The motto’s owner, and the other main administrator of Yiken in trying to take it from Bay Area rap craze to semi-movement, is Priceless Da Roc. Once a post-hyphy rapper known for raunch, hard beats and nimble flows “Yiken” finds him in the same musical milieu. However, gone is the overexertion of older songs like “Face Get Blue” to a more slinky and cautious sounds that still manages to rattle trunks and eardrums with ease. Other names building up steam are Chonkie F Tutz, 99 Percent, and C2Saucy, amongst others. And while trying to pin it down to a true “signature sound” is incredibly difficult, the general wave of talented and enthusiastic youth signifies yet another burst of innovation just waiting to realize their potential.

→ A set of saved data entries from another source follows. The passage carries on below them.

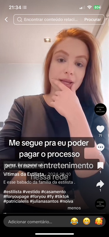 - ✅ Conteúdo fora do escopo: O vídeo trata da rivalidade entre Patrícia e Janaina Stoleto — duas pessoas que têm desavenças antigas. Apesar disso, o vídeo é publicado no perfil “Vítimas da Estilista”, supostamente criado para relatar casos de noivas lesadas por Juliana Santos.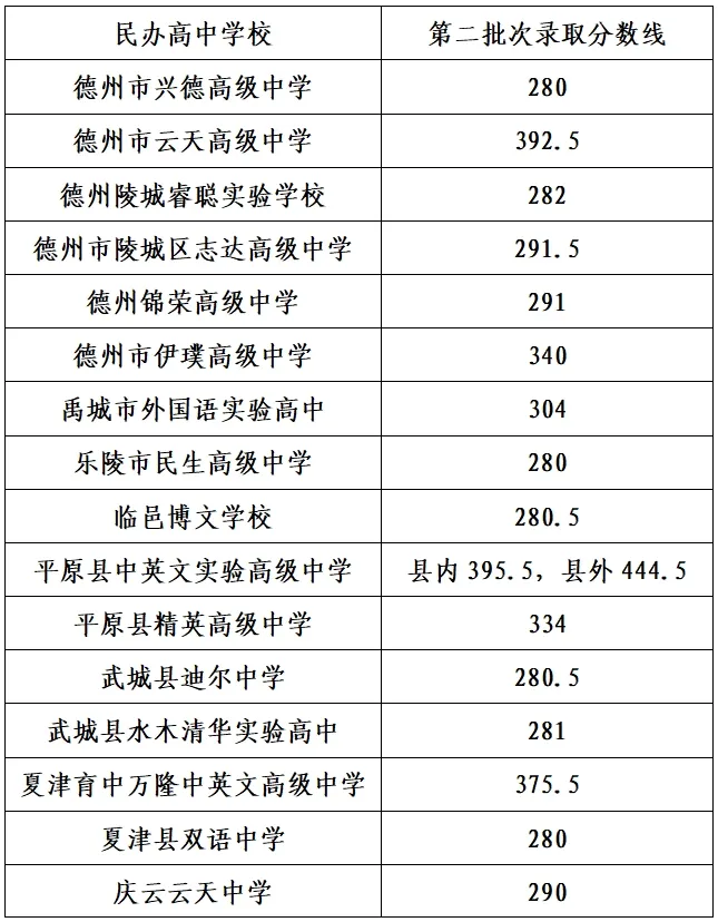 德州市2025年民办普通高中学校第二批次录取结果于7月15日12:00正式开放查询,现就有关情况说明如下: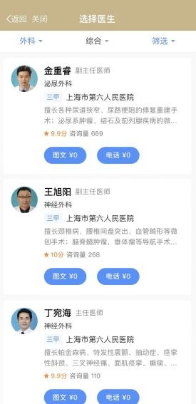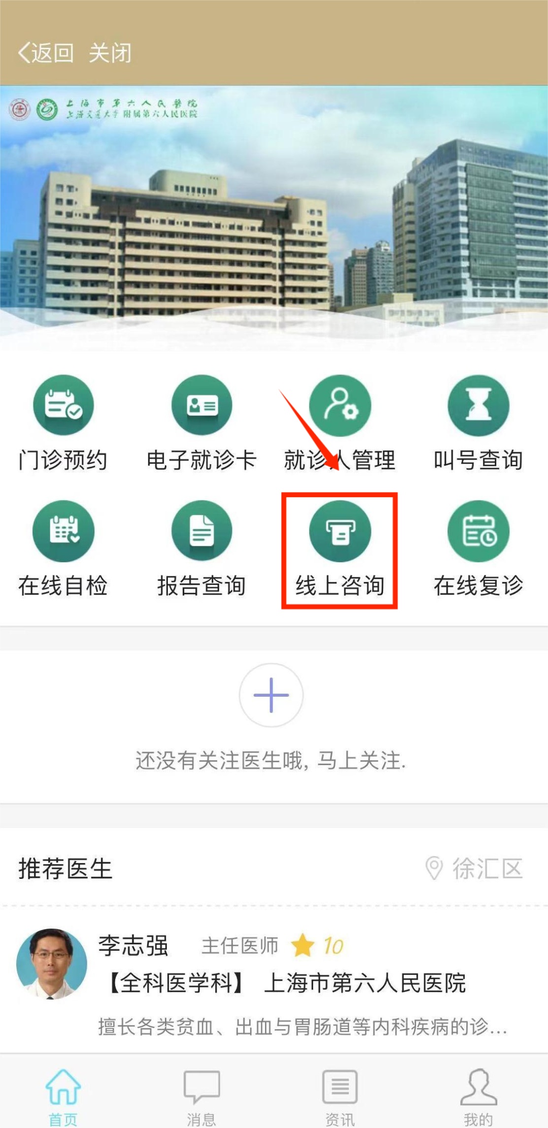 点击“互联网医院”首页上的线上咨询服务,选择需要咨询的医疗科室、医生即可线上图文/电话咨询。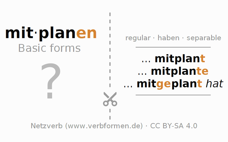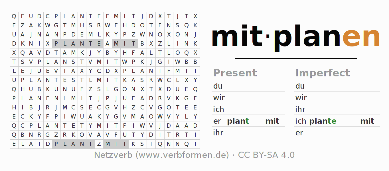 Worksheets are used generally for the conjugation of the verb mitplanen in teaching. The materials can be used as Open Educational Resources (OER) for exercises, for games and as Tasks (CC BY-SA 4.0). There are many different types of tasks available for the verb mitplanen. These are overview sheets with complete conjugation, puzzles and games that require joint learning. The entire educational material is available for free as a PDF download, as pictures and as an interactive browser version. In addition to the tasks, countless examples for mitplanen also provide an aid to using the verb.

So, how does a niche California rap scene sustain itself? Like anyone else in the current rap climate, the internet serves as an oasis in the information desert. Scene figures Priceless, Ms.#GetItIndy & DJ J12 promote endlessly via Youtube videos showcasing new dance moves, songs, and generally enjoying themselves. However, in a true amount of foresight, these groups have extended their movement into a touring crew who demonstrate and celebrate with people all over the west coast. Slowly but surely, the gospel of the Yike is being preached across America, and it seems only a matter of time before we see just how long this dance lingers around in the hearts and minds of all.